FINDING THE HOW TO MY WHAT

This week I have been attempting to immerse myself in the early ’90s to aid a writing project. My goal is to somehow meld my experience, the world’s experience, and someone from halfway around the world’s experience from that time period into an entertaining and enlightening novel for girls. I know what I want to say but am struggling with how to say it.

The easiest part has been getting the research necessary to write the story of the person from halfway around the world. All it is taking are some visits with a good friend, holding her adorable baby and eating delicious lunches. We just chat, I let a voice recorder run and take some notes. I feel a little guilty even saying I am working–which is not so unusual because I believe most, if not all, non-writers feel we writers do not perform “real work” anyway.

Researching the world’s experience from the early ’90s with regard to my particular halfway-around-the-world’s subject’s home country has not been as easy as I thought it would have when I first embarked on this project. Her country seems almost like the forgotten step-child of world media. There are few books on the subject relative to her country’s history and their writing makes it clear the perspective is one-sided. I have skimmed through several months of local newspapers on microfilm at the library from 1990 where mentions of this country’s experience are presented as an aside or an afterthought. Our media was so preoccupied with the fall of the Berlin wall, the breakup of the Soviet Union, and later the Gulf War (all worthy stories), it seemed to have barely noticed the explosion of another, albeit geographically smaller, communist country.

Researching my own experiences of the early ’90s has not been as easy as one would think either. I do have a wonderful resource in the journals I’ve written in prolifically since 1985 but as much as I wrote, unfortunately, it would’ve been more helpful if I wrote more than I actually did. At that time, I was preoccupied with my own teenaged life to take real notice of even the more prominent world-news stories. I was impressed I even mentioned the declaration of the Gulf War in my journal. My life was focused on surviving what I now know was depression triggered by the loss of some very important loved ones from my life.

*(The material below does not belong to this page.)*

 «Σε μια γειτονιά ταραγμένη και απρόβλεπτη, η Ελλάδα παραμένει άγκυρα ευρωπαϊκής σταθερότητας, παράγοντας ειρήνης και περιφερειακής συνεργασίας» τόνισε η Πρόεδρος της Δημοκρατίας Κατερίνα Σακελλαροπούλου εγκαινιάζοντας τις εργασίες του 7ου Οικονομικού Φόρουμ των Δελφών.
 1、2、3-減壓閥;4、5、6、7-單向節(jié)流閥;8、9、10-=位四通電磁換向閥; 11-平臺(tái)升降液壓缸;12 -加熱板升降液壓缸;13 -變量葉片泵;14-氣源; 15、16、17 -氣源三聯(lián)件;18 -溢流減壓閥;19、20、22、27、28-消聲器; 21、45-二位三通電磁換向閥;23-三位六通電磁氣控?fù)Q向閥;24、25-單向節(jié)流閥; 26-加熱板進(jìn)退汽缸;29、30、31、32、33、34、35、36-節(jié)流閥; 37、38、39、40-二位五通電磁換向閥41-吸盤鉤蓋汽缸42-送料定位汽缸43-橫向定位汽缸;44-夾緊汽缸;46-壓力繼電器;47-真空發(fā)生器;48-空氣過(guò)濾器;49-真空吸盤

In late 1990 to the beginning of 1991, I had just realized life was going on following the death of my cousin in September, 1989, and I decided I could choose to spend the rest of my life miserable or I could choose not to. So for the ensuing couple of years I focused on playing the role of the carefree teenager by dating, going out and having fun as well as realizing my dream of going away to college, a goal I foolishly believed would erase everything wrong with my life (which maybe in a way it eventually did but that musing is for another day).

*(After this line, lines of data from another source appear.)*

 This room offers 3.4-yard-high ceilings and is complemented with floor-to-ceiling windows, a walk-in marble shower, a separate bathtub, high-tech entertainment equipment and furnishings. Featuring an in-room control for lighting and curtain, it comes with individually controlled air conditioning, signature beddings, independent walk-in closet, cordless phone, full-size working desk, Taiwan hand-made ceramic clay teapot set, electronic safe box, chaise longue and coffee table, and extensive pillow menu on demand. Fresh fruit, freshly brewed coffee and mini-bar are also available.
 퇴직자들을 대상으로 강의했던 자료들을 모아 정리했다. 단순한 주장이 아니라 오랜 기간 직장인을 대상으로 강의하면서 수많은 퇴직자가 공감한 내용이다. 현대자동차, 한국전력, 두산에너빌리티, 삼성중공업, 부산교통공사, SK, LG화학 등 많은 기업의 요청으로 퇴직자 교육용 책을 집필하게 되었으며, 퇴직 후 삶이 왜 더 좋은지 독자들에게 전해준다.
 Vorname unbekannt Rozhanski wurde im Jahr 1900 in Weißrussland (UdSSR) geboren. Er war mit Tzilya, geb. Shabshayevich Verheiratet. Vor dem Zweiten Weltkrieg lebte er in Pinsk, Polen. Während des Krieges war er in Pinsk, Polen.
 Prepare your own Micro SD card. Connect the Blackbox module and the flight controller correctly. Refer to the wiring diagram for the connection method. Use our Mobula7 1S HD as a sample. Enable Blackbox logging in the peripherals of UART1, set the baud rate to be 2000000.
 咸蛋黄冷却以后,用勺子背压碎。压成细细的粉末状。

My ventures in the dating world at that time were grossly inadequate. I had three “boyfriends” during that time period. I designate the word boyfriend as fictional by enclosing it in quotes because I don’t think there was one of them that was what I think of as a traditional boyfriend — i.e. the boy asks you out, you go somewhere like the movies, he kisses you goodnight at the end of the evening, calls you later, asks you out again, etc., etc. My dates with the first one consisted almost exclusively of going for evening walks and talking on the telephone. The second one most resembled a boyfriend but I asked him out first to a turnaround dance (where girls take the boys). My third “boyfriend” was essentially a lesson that the notion of a “friend with benefits” just does not work. I scarred all three of these boys so badly they left the state and/or country without contacting me again; and only the third left without promising me he WOULD keep in contact with me. So that was my life in the early ’90s along with many of the other typical experiences of girls in their last three years of high school.

My work thus far and this project has consisted much more of reading and musing than actually putting words down. And most of those words’ fate was met with the delete key on my keyboard or colored-ink cross-outs. Writing IS hard but I am not giving up. I will keep plugging away, researching, reading and musing, putting it down then taking it away and somehow, someway, some day the how to accomplish my what will materialize.